Hi there,
I am testing the performance of the beaglebone in combination with the no-OS Starterware from TexasInstruments and with the Linux Distribution Angström.
My test program, which I wrote for both for Starterware and Linux, does the following: I configure GPIO_1_28 as an output pin and in an endless loop I do…
- set the pin HIGH
- for(i=0; i<35000; i++)
{ x = sqrt(3.141592654); }
- set the pin LOW
- for(i=0; i<35000; i++)
{ x = sqrt(3.141592654); }
Then I used an oscilloscope top measure the period time / frequency of the output. My first results:
using Linux, the period is T = 1,1 ms (with a Jitter of about 70 us)
using Starterware, the period is T = 18 s !!!
Wondering why Starterware is so amazing slow, I started googling and found the following post in a TI forum: http://e2e.ti.com/support/embedded/starterware/f/790/t/208033.aspx
The guys on that forum manged to speed up Starterware by enabling Cache and MMU like in the example \StarterWare\examples\evmskAM335x\uart\uartEcho.c
So I also integrated the functions MMUConfigEnable() and CacheEnable(CACHE_ALL) into my program. It kind of worked, my new results for Starterware:
T = 500 ms
But still !!! 500 times slower than on Linux.
Did anyone make similar experiences or do you have a clue what could be wrong with Starterware? In the past i only did programming on simple Microcontrollers, so I don’t really know how to handle all this cache and MMU stuff.
Is the starterware tool chain using the FPU?
Oh damn you’re right. I didn’t turn on the FPU. I should have read this first:
http://processors.wiki.ti.com/index.php/StarterWare_NeonVFP
What I will do now:
First I will change my programm by doing integer calculations instead of float/double and repeat my comparison between Linux and Starterware. Next I will try to enable the FPU-Unit (Neon, VFP). I’ll post my results when I’m ready.
Here my results:
- I changed my programm loop to the following integer calculations:
int i;
int a = 0;
int b = 23210
for(i = 0; i<35000; i++)
{
a = a + b;
}
- I changed my FPU testing loop to the following:
int i;
float x = 0;
float y = 2.812;
for(i = 0; i<35000; i++)
{
x = x + y;
}
Are you using the same compiler and flags?
The A8 FPU has hardware sqrt support in the FPU. Given the difference
in your numbers I suspect the Starterware compiler maybe isn't using
that for some reason and is emulating sqrt with simpler FPU instructions.
...but that's just a guess. Have you compared the actual code produced
for the loop by the two compilers?
There are different Compilers for Starterware and Linux. When I set the flag -mfpu=vfpv3 in Linux, and Rebuild the project I don't get a different result. What I can do in eclipse under Linux is to set the optimizations level. What I did yesterday was to change my programm to the following:
double x = 3.1415;
while(1)
{
toggle_gpio();
for(i=0; i<35000; i++)
{
x = sqrt(x);
}
}
For Starterware I measured 85,5 Hz and for Linux 19,7 Hz.

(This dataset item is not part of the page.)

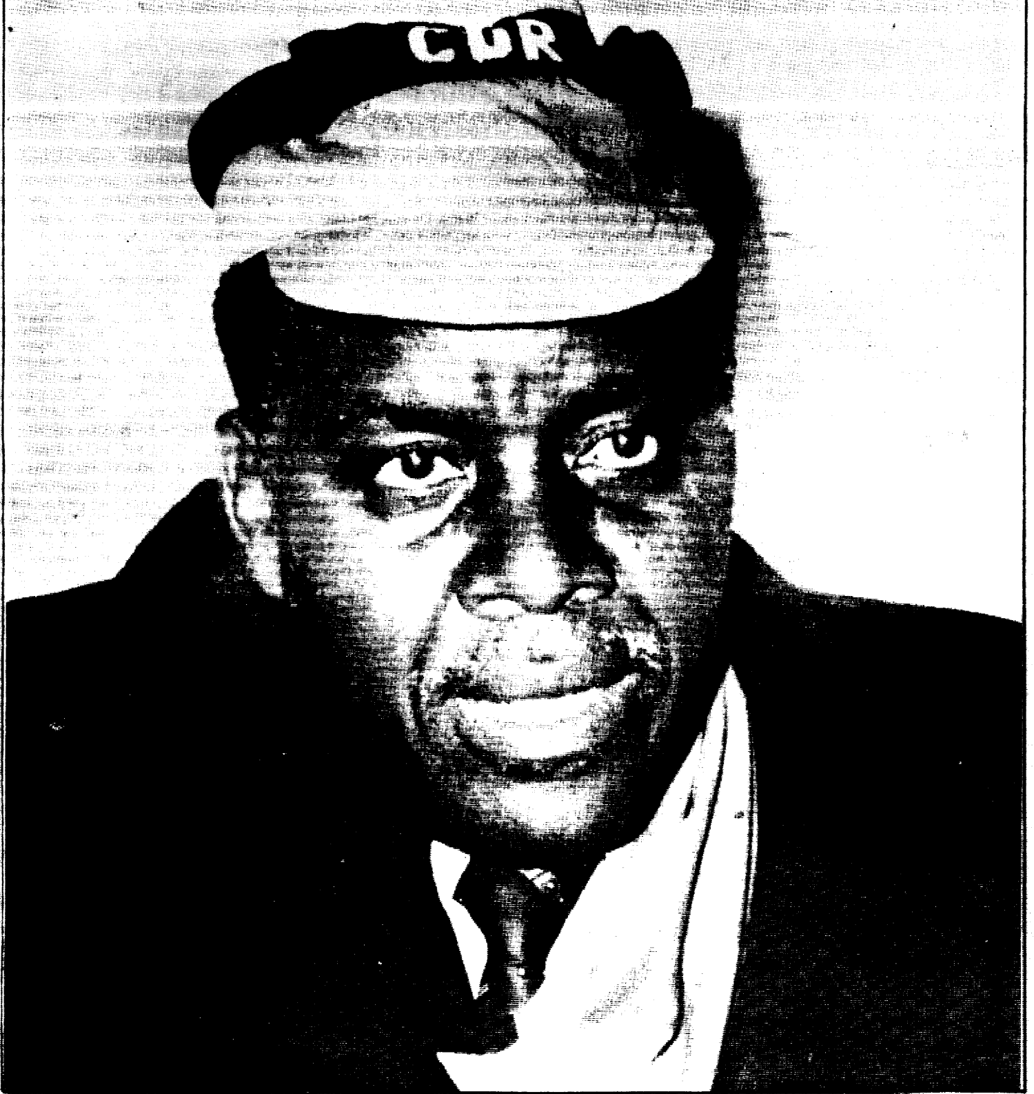
ISHYAKA RYACU NIRYO RITEGEHUKA, UNIKIZA RUBANDA NIRYO KISHYAMIRANYE NAR. KUBA...

In both i turned off the optimization. This result makes a bit more sense but actually both should be the same. The problem with my other programm was probably, that the Compiler on Linux saw that I wanted to do the same operation sqrt(3.1415) 35000 times and did some kind of optimization even though I told him not to optimize. In my new program he gets a new result after each iteration of the loop.
``
But I think I will finish this testing now. In most of my tests Starterware got much better results and moreover you don't have the Jitter like when you use Linux.